Dec 01, 2008 News
Force will take care of slain cop expenses plus give one million
When Constable Oslen Glasgow donned his bullet proof vest to go and confront criminals on the Cromarty Foreshore last Friday, he must have felt that at least he was partly protected.
He may have known that he would be coming up against dangerous criminals armed with the deadly AK-47 assault rifle.
However, his vest was no match for the powerful weapon. The bullet pierced the armour and resulted in Glasgow’s death.
It is not clear how far from the criminals Glasgow was; but, according to experts, it could not have been any more than 300 metres.
His death now raises the question of the quality of armour that police ranks are equipped with, given the fact that the security forces are aware that criminals are armed with assault rifles. Gone are the days when the .32 revolver was the weapon of choice for bandits.
Following the Bartica massacre, in which three policemen were killed, Police Commissioner Henry Greene had chided his ranks for not utilizing the protective gear that was provided for them.
But in light of the recent demise of Constable Glasgow, there is every reason for ranks to feel less protected when coming up against criminals the likes of the late Rondell Rawlins, James Gibson and Cliff Chichester.
“Most of the vests are just good enough to resist the impact of the 9mm calibre bullet,” a senior police officer, who is said to be an expert on firearms, told this newspaper.

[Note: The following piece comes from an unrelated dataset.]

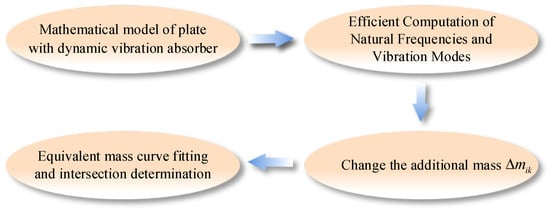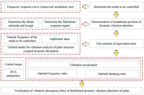 Figure 15 displays the design procedure of the dynamic vibration absorber for the plate structure. First, the vibration characteristics of the plate under various edge conditions are derived through the proposed mathematical model. The point nearby the antinode of the corresponding control mode of the plate is usually chosen as the installation point. Subsequently, the equivalent mass of the installation point can be easily obtained through the current mathematical model. By combining the equivalent mass and optimal homology relationship, the parameters of dynamic vibration absorber are determined.
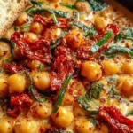 A comforting dish featuring creamy chickpeas in a rich sauce with garlic and sun-dried tomatoes, perfect for cozy dinners.

He explained that a 7.62 x 39 round of ammunition, used in the AK-47, will penetrate most bullet proof vests directly from 200 metres.
He added that after 300 metres the bullet will begin to lose its velocity.
“There is no guarantee of safety with a vest when coming up against an AK-47,” the expert said.
According to the expert, bullet proof vests come in three levels. He said that the police previously sourced equipment from the crown agent in London, England, but for some strange reason, this arrangement was shelved.
“Those people who are procuring these items are sacrificing safety for cheapness. The current thinking in the administration is reflective of the type of shoes and clothing that are being acquired,” he said.
He opined that the ‘cop’ who was shot by Magistrate Gordon Gilhuys may have been killed had he been wearing a vest.
He explained that because he was not wearing a vest, the bullet exited his body.
“If he was wearing a vest, maybe it would have slowed down the bullet, and it would have been lodged in the policeman’s body, and this could have been more dangerous,” the officer explained.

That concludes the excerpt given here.